Tresca viene ucciso nel 1943 mentre cammina sulla Fifth
Avenue da un sicario che avrebbe agito su ordine del padrino
Vito Genovese. Ai suoi funerali partecipano circa 5000
persone.
Leggende nere e innocenti veri
Oltre ai "sovversivi", a contribuire alla pessima fama degli
italiani negli anni di inizio novecento è anche la Mano
Nera, la mafia degli italo-americani.
È in
questo clima di ostilità e pregiudizio verso gli italiani
che vengono arrestati gli anarchici Nicola Sacco e
Bartolomeo Vanzetti, accusati di rapina e omicidio. I due
vengono condannati a morte nel 1927, nonostante l'assenza di
prove e la confessione di un detenuto portoricano li
scagioni.
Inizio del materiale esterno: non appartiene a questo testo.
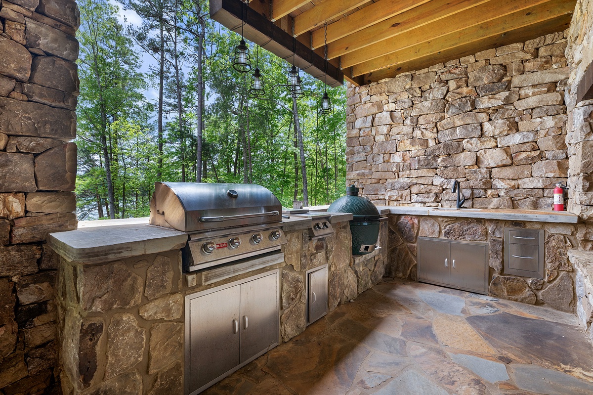 - Lower Level Patio with Outdoor Kitchen with Big Green Egg, Skillet, Gas Grill and Sink
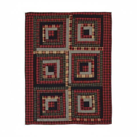 The Boone Trace Quilted Throw is the perfect piece to warm yourself next to a fire. This throw features large log cabin blocks and plaids of chili pepper reds, caviar blacks, and natural tans for the ultimate cabin comfort.  Perfect for your country, primitive and log cabin home decor.
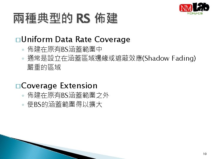 LOS Transmission Line-Of-Sight Transmission => Better signal quality, higher rate. 9
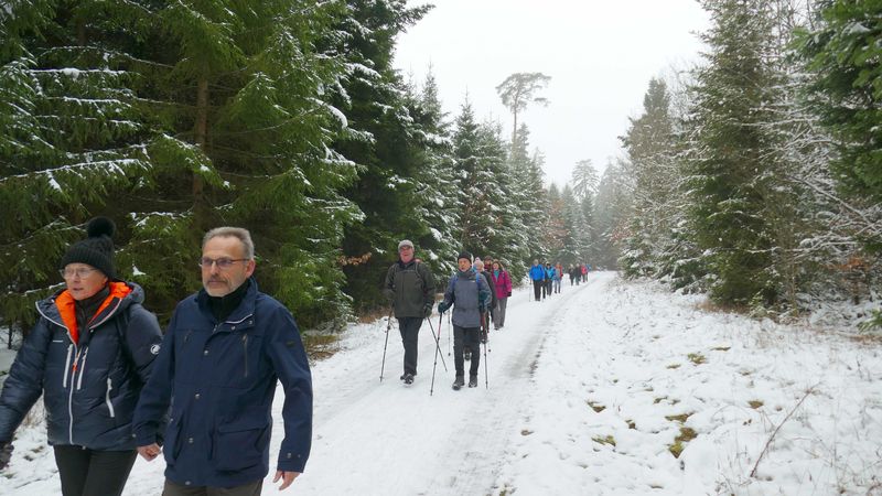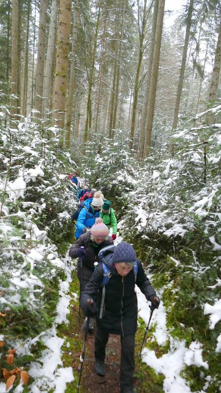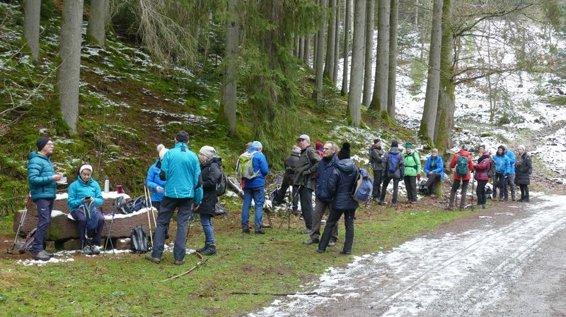 Um 12 Uhr belegten wir den Parkplatz „Traube“ mit 13 Autos. Über den Rathausplatz gelangten wir über etliche Treppenstufen an der „Mittleren Reutte“ zum ausgeschilderten Rundweg. Nach der Straßenüberquerung tauchten wir auf schönem Pfad ein in den winterlichen Zauberwald. Steil abwärts gelangtem wir auf das malerische Hirschbachbrückle und folgten dem Bach bis ins Bömbachtal. An der Sitzgruppe aus massivem Sandstein stärkten wir uns für den Anstieg auf schmalem Pfad zum Naturschutzgebiet „Egenhauser Kapf“. Auf breitem Forstweg mit Blick auf Walddorf kamen wir nach Monhardt und weiter abwärts zur Monhardter Wasserstube. Entlang der Nagold gelangten wir zum Wasserkraftwerk und weiter zum Parkplatz am Klärwerk. Dort überquerten wir die Bundesstraßen, gingen auf dem Wanderweg bis zum Kreisel eingangs Altensteig, querten abermals die Straße und liefen aufwärts zum Ausgangspunkt an der „Mittleren Reutte“. Eckhart gab einen kurzen Überblick über die Geschichte Altensteigs, dann ging´s nur noch hinunter zur Schlusseinkehr in der empfehlenswerten „Traube“.
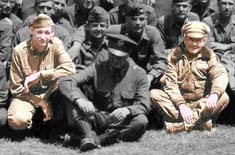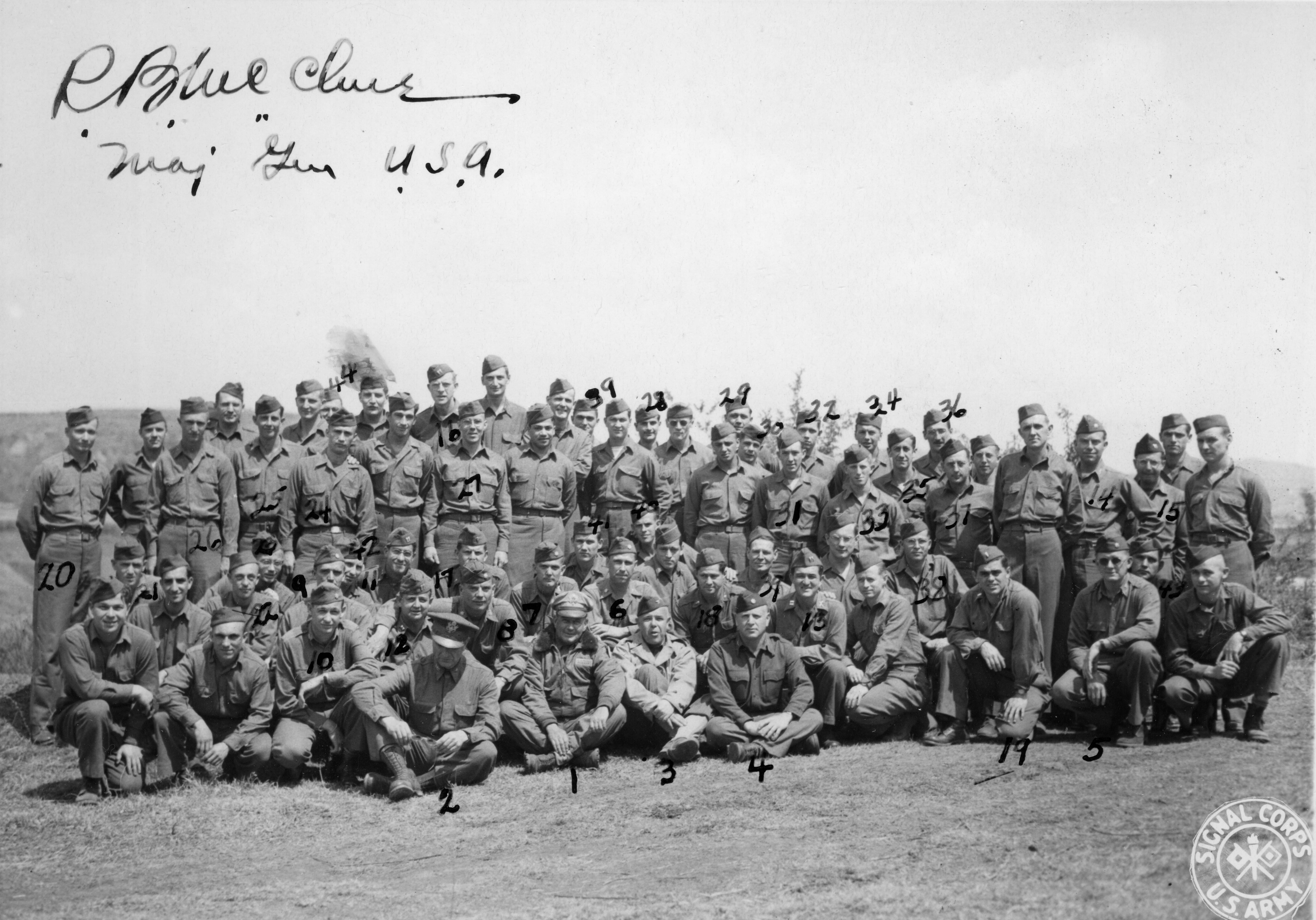This is special effects image. I cropped a section from the previous photo then enlarged it and colorized Maj. Gardner and Maj. General Robert B. McClure, right. Sitting between them is Brig. General Emerick Kutschko. One of Maj. Gardner's best friends, Maj. Jefferson I. Davis, Jr. is sitting behind him to his left.
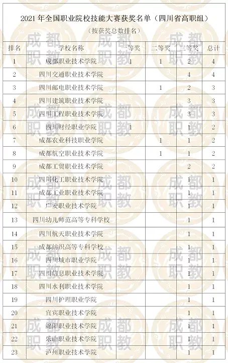 根据2021年全国职业院校技能大赛高职组获奖名单统计,四川省高职院校共获奖39项,获得一等奖的四川高职高专院校共2所、二等奖共4所、三等奖共23所。
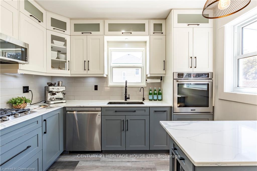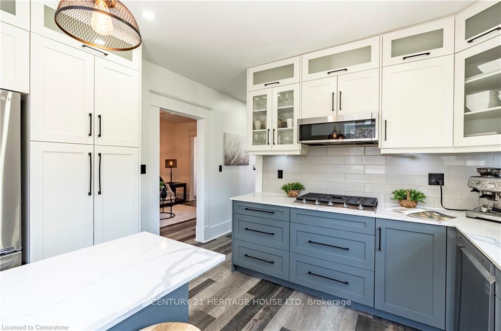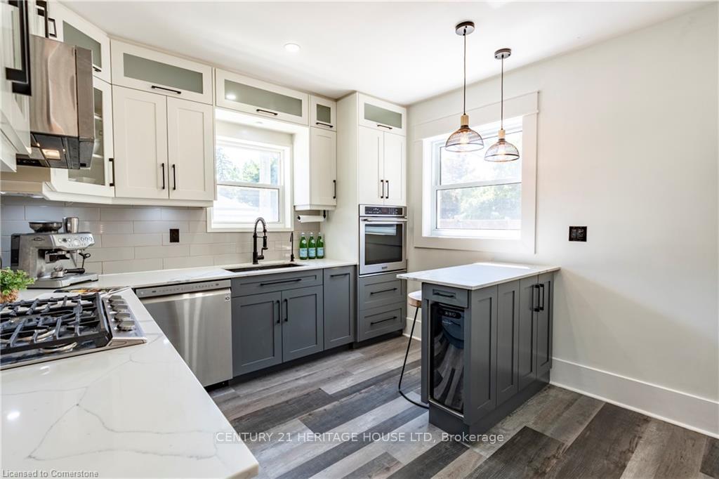 Welcome to 562 Laurel Street a completely renovated century home in the heart of Preston, Cambridge. This 3+1 bedroom, 2.5-bathroom all-brick home blends timeless character with modern updates on a quiet, family-friendly street just steps to Riverside Park, trails, schools, dining, and only minutes to the 401, Toyota, and YKF Airport. The main floor features brand new luxury vinyl flooring with proper subflooring to eliminate squeaks, a stunning new kitchen with modern appliances, fresh paint, updated electrical, and an updated powder room. Enjoy California shutters and a new window in the dining room. Upstairs, the spacious primary suite includes a new walk-in closet, a luxurious ensuite with heated floors, and a beautiful barn wood accent wall. The guest bathroom has also been updated with new flooring, fixtures, and lighting. The fully finished basement offers a large rec room, a fourth bedroom, and a newer furnace. Flooring has been upgraded to luxury vinyl with Dricore subfloor, and both a reverse osmosis and water softener system have been added. Electrical has also been updated throughout the lower level. Outside, you’ll find a newly enlarged two-tier deck, a new side fence, and a detached double garage with a bonus room perfect for a greenhouse or hobby space. The backyard is private, low-maintenance, and includes a hot tub pad with hookups already in place. There’s also potential to finish the attic for additional living space and a side yard ideal for a tiny home or garden suite. With historic curb appeal, modern upgrades throughout, and room to grow, this home is a rare opportunity in one of Cambridges most desirable communities. Just move in and enjoy!
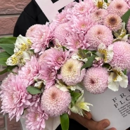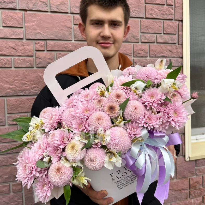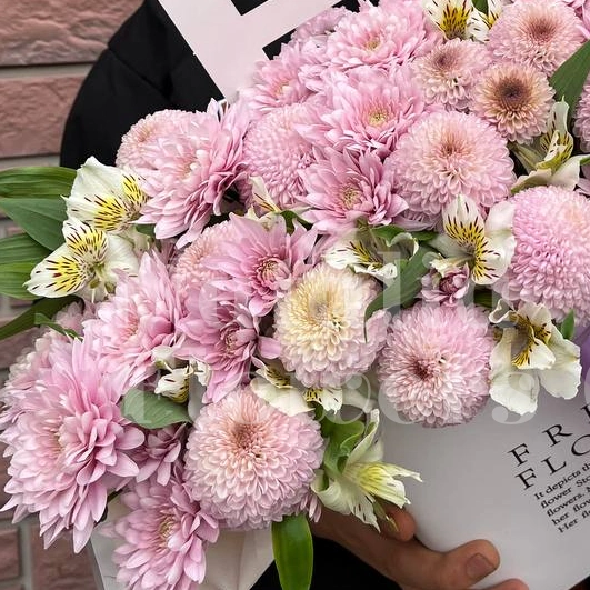 Букет ;Нежность;; ; Нежный букет, созданный из;пышных розовых хризантем и;изящных лилий. Невероятная цветочная композиция, оформленная лентами разных оттенков.
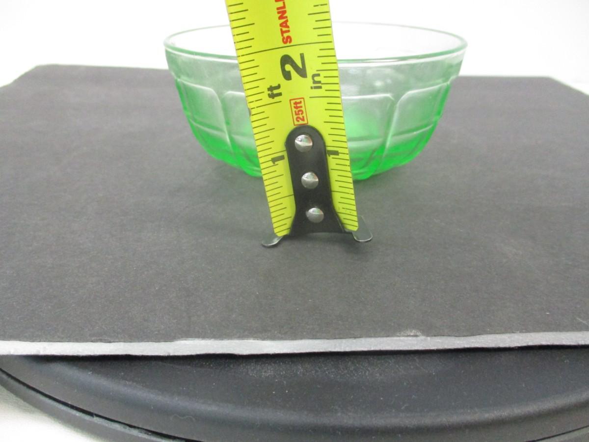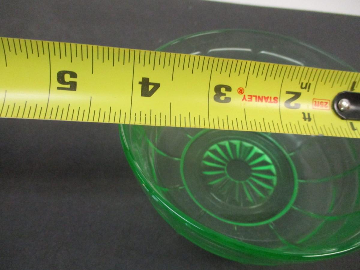 The Hazel Atlas Vaseline Green Uranium Glass Bowl is a stunning piece of decorative glassware. This bowl features a beautiful green color that glows under black light, thanks to the presence of uranium in the glass. It is a unique and eye-catching addition to any home decor, adding a touch of vintage charm and elegance. Perfect for displaying flowers or serving snacks, this bowl is sure to be a conversation starter in any room.

A poco servono il sostegno di intellettuali come
Albert Einstein, Dorothy Parker e George Bernard Shaw e
l'intervento ufficiale del governo di Benito Mussolini:
nulla può salvarli.
La
riabilitazione avverrà solo 50 anni più tardi, nel 1977, per
opera del Governatore del Massachusetts, Michael Dukakis.
Luci e ombre dell'l'integrazione
Come fare a integrare gli
italiani nella società newyorkese? Un gruppo di missionarie
con a capo la suora protestante Anna Ruddy si offre di
portare l'America nei quartieri dove gli italiani vivono
segregati: nasce la
Harlem House,
un centro sociale, dove le missionarie forniscono assistenza
sanitaria a bambini e adulti e impartiscono loro lezioni di
inglese e di educazione civica.
Inizia così la fase di "assimilazione" degli italiani. I
primi tempi non sono facili. Ai bambini viene vietato
parlare l'italiano a scuola. Anche le usanze italiane
vengono bandite: le assistenti sociali arrivano a
consigliare alle donne di smettere di usare l'olio di oliva
a favore del burro. Un brutto colpo per la cucina italiana.
Che si prenderà la sua rivincita più volte. L'ultima nel
2013 quando l'emporio Eataly risulterà il terzo luogo più
visitato di New York, in base agli scontrini emessi, dopo
l'Empire State Building e il Metropolitan Museum.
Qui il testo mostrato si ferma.